- Evolutionary developmental biology
- Cellular interactions and extracellular matrix
Skeletal anomalies in farmed fish are a continuous problem for global aquaculture, affecting fish welfare, performance, and product quality. Aquaculture research has made considerable progress in reducing the incidence of deformities, but new species, intensified production, the damned for sterile fish, delicate early life stages and new fish feed ingredients are a continuous challenge. The use of zebrafish (Danio rerio) and medaka (Oryzias latipes) as models for research into human skeletal diseases such as osteoporosis, osteopetrosis and degenerative joint diseases is increasing, however their potential as models for farmed fish has not been sufficiently explored. These models offer the possibility to obtain deeper insights into the fundamental mechanisms that can cause skeletal malformations in humans and in farmed fish. A framework for
communication and scientific exchange between the aquaculture and biomedical sectors would benefit all stakeholders and advance scientific understanding of the problem. We propose a joint inter-sectorial training network to increase the mobility and visibility of scientists between aquaculture research and the biomedical sector using small fish models.
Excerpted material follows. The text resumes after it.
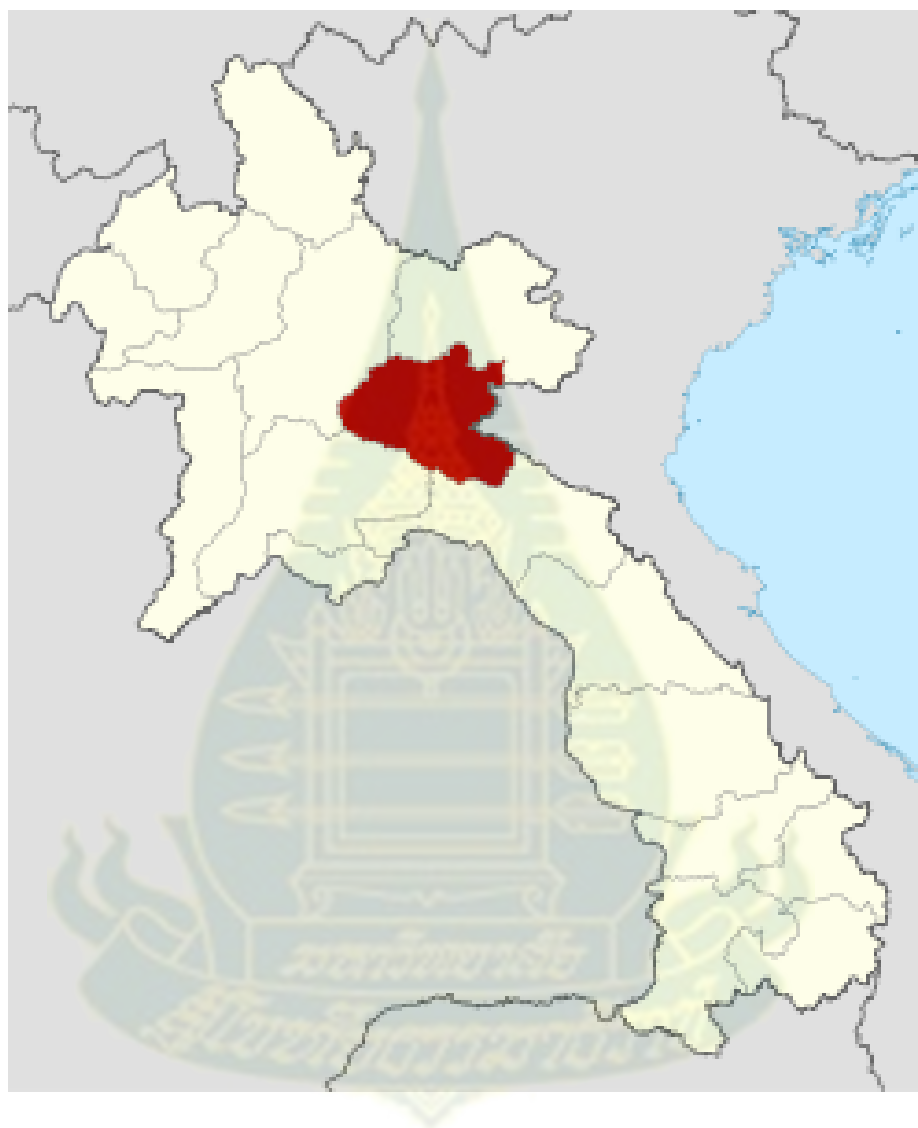
ภาพ 2.1 ที่ตั้งเมืองเชียงขวาง ประเทศสาธารณรัฐประชาธิปไตยประชาชนลาว ที่มา: https://th.wikipedia.org/wiki/แขวงเชียงขวาง สืบค้นเมื่อ 8 มกราคม 2561.

“ภูเอิน” หรือ “ภูเอิ้น” (วิเชียร วงศ์วิเศษ, 2517, น. ๖) การสันนิษฐานตรงกับการศึกษาเอกสารงานวิจัยของ ปิยะพร วามะสิงห์ (ปิยะพร วามะสิงห์, 2538, น. 8) ส่วนในประเทศไทย คำว่า “พวน” เป็นชื่อของคนไทยสาขาหนึ่ง ซึ่งทางภาคอีสาน เรียกว่า “ไทยพวน” แต่ทางภาคกลางเรียกว่า “ลาวพวน” 1

The proposed ESR programs will provide career development to young researchers in the field of skeletal biology through international and multidisciplinary training on innovative molecular, histological, biochemical and cell culture methodologies relevant to both sectors. The network combines stakeholders from 7 European Universities, a US research hospital, and one Biological Institute. Commercial interests are represented by two Economy departments, one aquaculture and a major fish feed
production company. This structure allows the flow of information and people between the biomedical and aquaculture sectors, and between academic and applied sectors, thus addressing several objectives of the Europe 2020 strategy and ensuring a direct route from knowledge to application.